The practical translation: a Swiss bank whose developers merge AI-generated changes into payment code, whose product team ships an LLM-powered client assistant, and whose staff quietly use consumer AI tools are running three distinct risk programmes' worth of exposure, usually under one unwritten policy. The Cobalt numbers say the pentest findings will come; the Flux numbers say the review layer will not catch everything first; and the 38.4% remediation rate says the findings will accumulate unless someone owns them with the same discipline applied to any other critical vulnerability class.
◆ Key Takeaway
The debate over whether AI-generated code is production-ready is over — half the industry already ships it. The data now shows the cost side: AI features fail pentests at 2.7x the baseline rate, only 38% of serious findings get fixed, and shadow AI causes 44% of confirmed incidents. For Swiss regulated firms, the control framework — inventory, review gates, remediation ownership — is a current supervisory expectation, not a roadmap item.

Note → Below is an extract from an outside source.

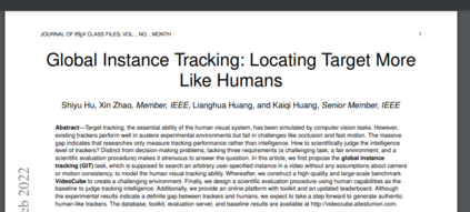 Shiyu Hu, Xin Zhao, Lianghua Huang, andKaiqi Huang. “Global Instance Tracking: Locating Target More Like Humans”, IEEETransactions on Pattern Analysis and Machine Intelligence (TPAMI), 2022.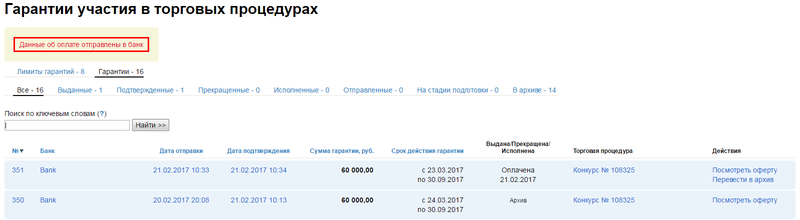 Отобразится страница Гарантии с уведомлением Данные об оплате отправлены в банк.

- Tag AI-generated code at commit time. Provenance metadata (tool, model, human reviewer) makes AI-origin code auditable, lets you measure its defect rate against human-written code, and answers the inventory question FINMA-aligned governance will ask.
- Gate high-risk change categories for mandatory senior review. Security-relevant modifications, dependency changes, and authentication or crypto code — the categories the Flux data says slip through — should never merge on an AI review alone.

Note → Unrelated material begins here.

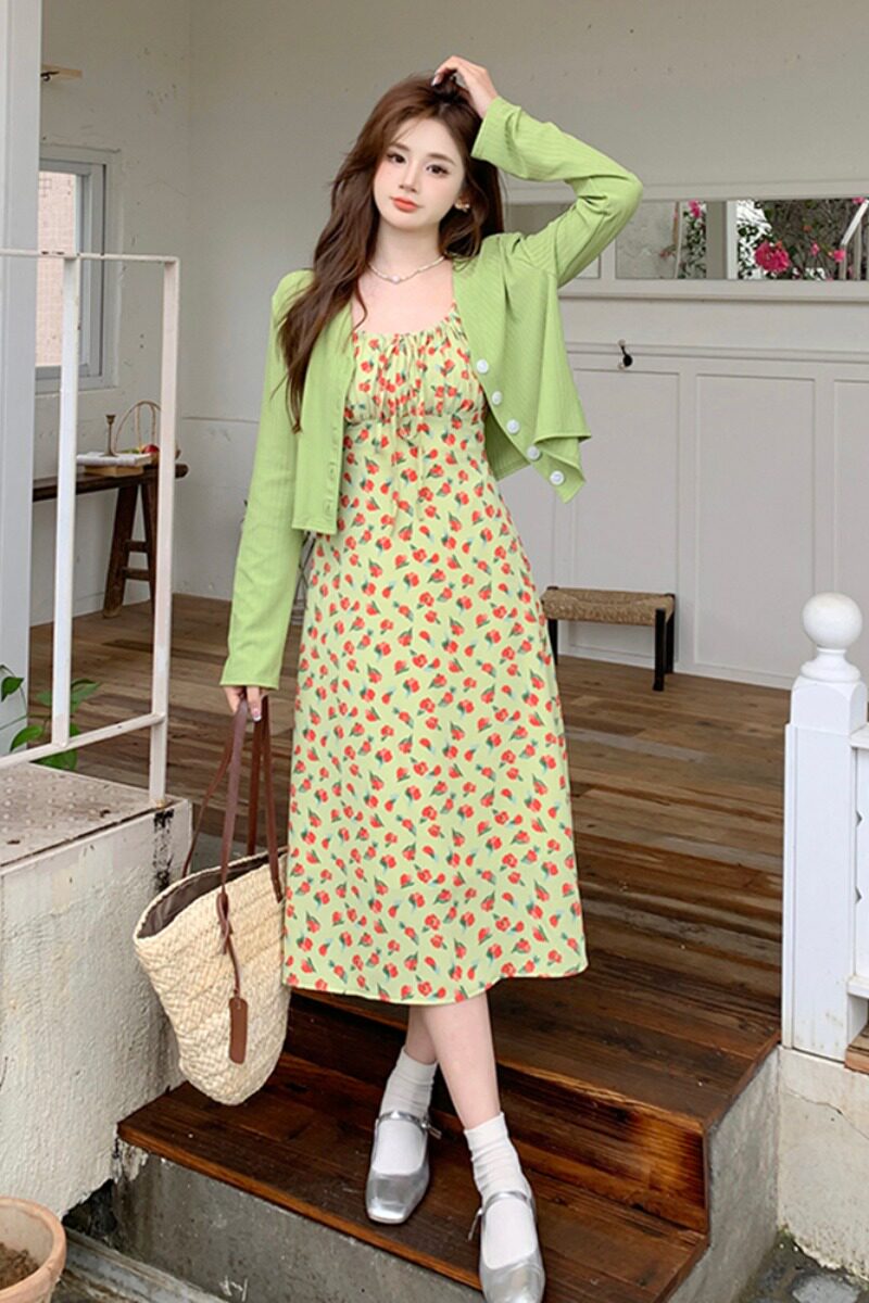 Летнее платье, юбка, лонгслив, кардиган, комплект, большой размер, в стиле Шанель, по фигуре, в цветочек

- Add prompt injection and insecure output handling to your SDLC checklists. Test every LLM feature against the OWASP LLM Top 10 before release, and include AI features explicitly in annual pentest scope rather than treating them as part of the web estate.

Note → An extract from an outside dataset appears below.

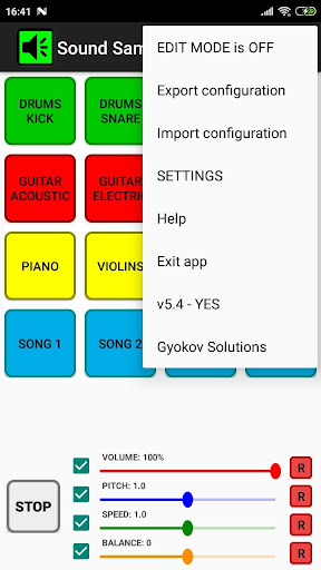 Master hacmi, perde ve hız kontrolleri aynı anda tüm sesler için kontrol hacmi, perde ve hız. Kontrolleri Ayarlar - Kontroller'de gizleyebilir / gösterebilirsiniz.

- Set a remediation SLA specifically for AI findings. The 38.4% industry fix rate is a benchmark to beat, not accept; track AI-finding closure separately and escalate vendor-dependent fixes through contract channels with deadlines.
- Attack shadow AI with provision, not prohibition. A sanctioned, logged, enterprise-grade AI tool with clear data rules removes the incentive that drives 44% of incidents; a ban simply moves usage to personal devices.
- Sandbox AI coding agents. Agents that read repositories and execute commands need the containment 0DIN's research demands: isolated execution environments, allowlisted tools, no ambient credentials, and human approval for state-changing actions.
- Report AI-code risk to the same committee that owns operational risk. Adoption metrics, review-coverage rates, pentest findings, and remediation SLAs belong in existing governance — creating a separate AI committee usually means creating a separate blind spot.
The next phase is predictable from the incentives. AI-assisted development will keep expanding because the productivity gains are real and measured; the review bottleneck will push organisations toward AI-driven review of AI-written code; and the security tooling market will chase the 76% of leaders asking for exactly that. What will separate Swiss organisations is not adoption speed but whether the control loop — provenance, gated review, AI-aware testing, owned remediation — matures at the same rate as the code volume. The firms that build that loop now will treat next year's supervisory questionnaire as paperwork. The ones that let the 38% fix rate become their own number will meet it as a finding.